I just wanted to share some good news with some coincidental timing.... I just found out that "Fella" will be republished as a podcast on "Toasted Cake". I've never had one of my stories narrated so I'm pretty excited about this.

Looking forward to the next group discussion too!

30elenchus
Mrz. 14, 2014, 11:59 am

That's great, congrats amysisson! Will be interesting to hear the voices used ....

31Tumler100
Mrz. 15, 2014, 12:38 pm

Loved Fella Down a Hole, especialle the end.
The possible faith of the missing teacher where not lost on me.
The ambigious, yet clear cut end of Sarah Anne's story made my mind sparkle with delight.

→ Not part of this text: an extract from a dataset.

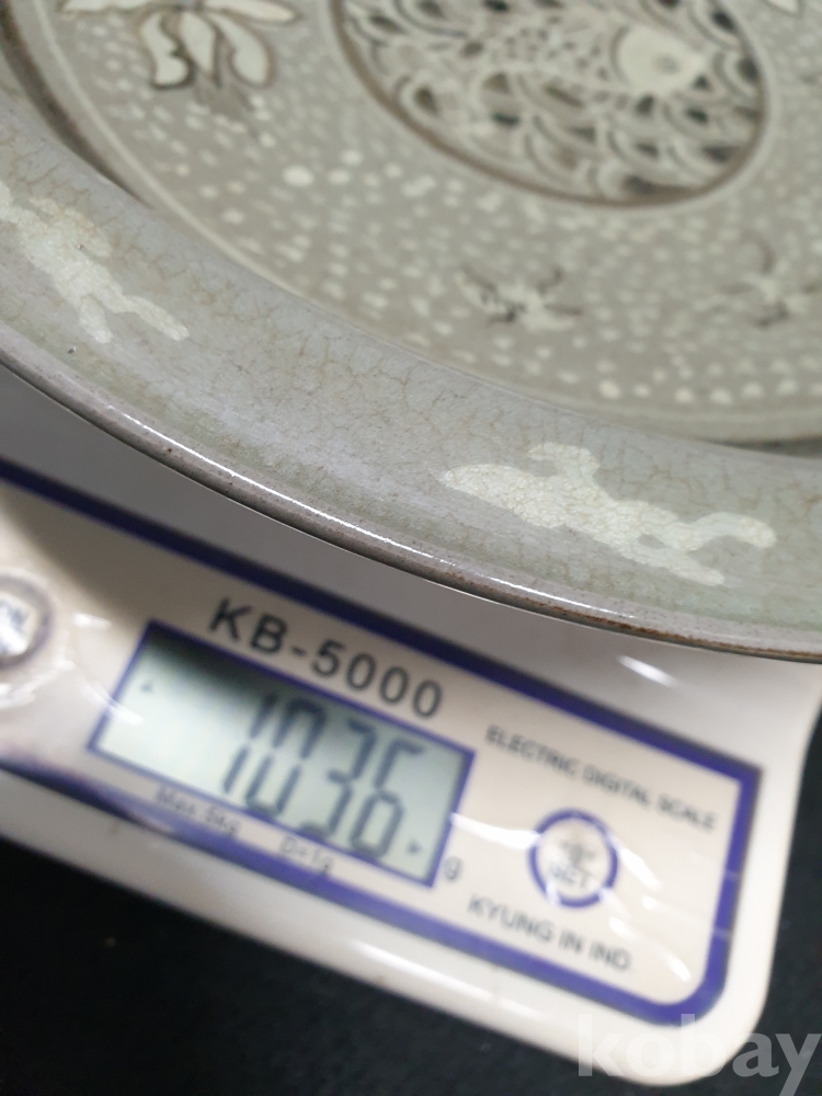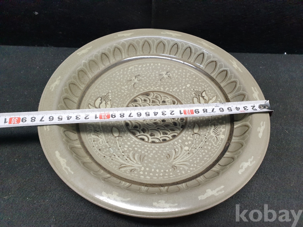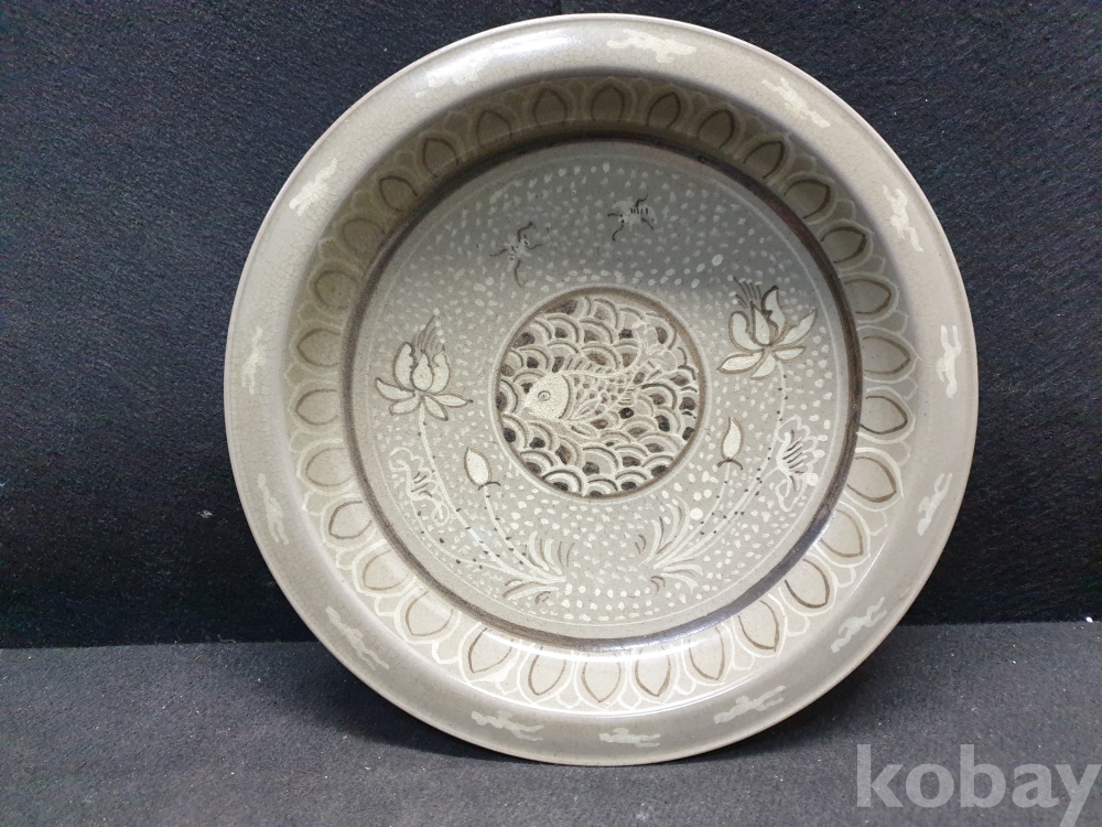 사이즈:높이:5센치.지름:28센치. 무게:1036그람. 설명:큰 사이즈의 섬세한 이쁜 물고기 그림도안의 청자 대반입니다.상태 양호합니다.사진 참고 바랍니다.

Congratulations, here's a toast for your podcast

32amysisson
Mrz. 30, 2014, 9:44 pm

>31 Tumler100:

Thanks, Tumler100!

33amysisson
Jul. 8, 2014, 3:48 pm

I had meant to post a link to the podcast of this story, which came out a few weeks ago:

http://toastedcake.com/2014/06/toasted-cake-112-fella-down-a-hole-by-amy-sisson....

I really love the way Tina Connolly read it. She notes at the end that she did not attempt an Australian accent, but I think the way she did it worked very well.

34amysisson
Bearbeitet: Okt. 13, 2015, 12:13 am

I hope it's alright to resurrect this Hobnob topic long enough to say that my story "Minghun", which we discussed above, is now also out as a podcast at Glittership. The reader does a lovely job, especially in pronouncing the title and the Chinese names in a way far more authentic than I could.

http://www.glittership.com/2015/10/07/episode-17-minghun-by-amy-sisson/

35LShelby
Okt. 19, 2015, 4:42 pm

Congrats on the podcasts, Amy. They sound great!